Faktor rasa syukur ini lah yang akan menentukan apakah sesuatu sudah layak disebut 'membahagiakan' atau belum. Dan sayang sekali, kita punya musuh besar yang akan menurunkan kadar rasa syukur kita dan merubah definisi kita tentang status bahagia. Dia adalah TV. Saya hanya berfokus pada TV yang menayangkan siaran gratis, bukan TV kabel karena saya tidak berlangganan. Saya telah memperhatikan bahwa siaran-siaran ini tidak edukatif.

Bayangkan masyarakat yang tinggal di pedesaan. Setiap hari mereka berkutat dengan sawah/laut, peluh keringat dan hidup sederhana. Sedangkan televisi kita (selalu) menayangkan gerombolan anak muda Jakarta penuh gaya. Kesenjangan sosial yang terjadi antara layar kaca dan realitas mereka terlampau jauh. Saya sedih mendengar berita seorang anak ingin bunuh diri karena tidak dibelikan Ninja atau orang-orang yang meninggal karena menenggak bir oplosan. Bukankah kita cukup akrab dengan sepeda atau motor bebek yang tentu bukan untuk bergaya dan kebut-kebutan? Dan bukankah segelas teh atau kopi panas sudah berulang kali berhasil menghangatkan tubuh dan suasana? Dan saya mencurigai TV lah penyebabnya. Karena ia yang memberitahu bangganya memiliki kendaraan mewah dan kerennya minum sampai teler.

Pada satu sisi TV memang baik karena ia meningkatkan kadar ekspektasi kita akan sesuatu.

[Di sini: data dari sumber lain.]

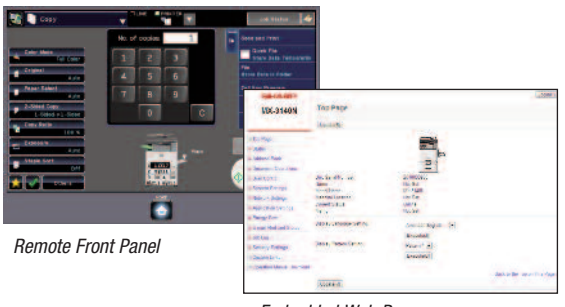
Embedded Web Page

MX-2640N/3140N/3640N and allows you to locate resources and find information specific to your configuration, truly helping you maximize your investment.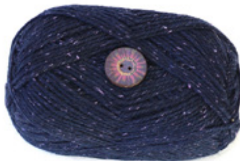
Kenzie: 1014 - Malbec Button: BU1736C23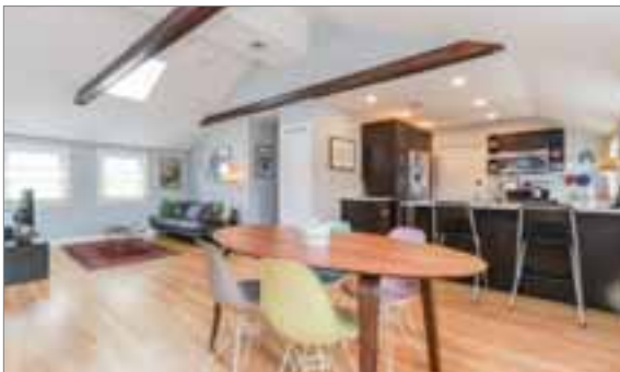
4420 WASHINGTON ST #3 ROSLINDALE $389,000

TV mengabarkan bahwa kendaraan atau hunian mewah sangat nyaman, atau benda-benda mahal lain sangat layak untuk dirasakan. Tapi ia luput memberitahu caranya menggapai hal tersebut. Jadilah kita sangat mendambakan hidup seperti di TV tetapi apa daya realitas berkata lain.

Definisi bahagia kita akhirnya mengacu pada apa yang terlihat membahagiakan di TV sedangkan kita tak punya kemampuan memperolehnya. Dan kadar rasa syukur kita tidaklah cukup membahagiakan kita karena kita (selalu) ingin lebih dari apa yang kita punya.

Note:
Saya sudah lama sekali tak nonton TV kecuali nonton bola. Semoga tulisan saya tidak relevan lagi karena siaran TV sudah berubah, kini ia menyiarkan program-program edukatif yang memajukan masyarakat segala golongan. Semoga.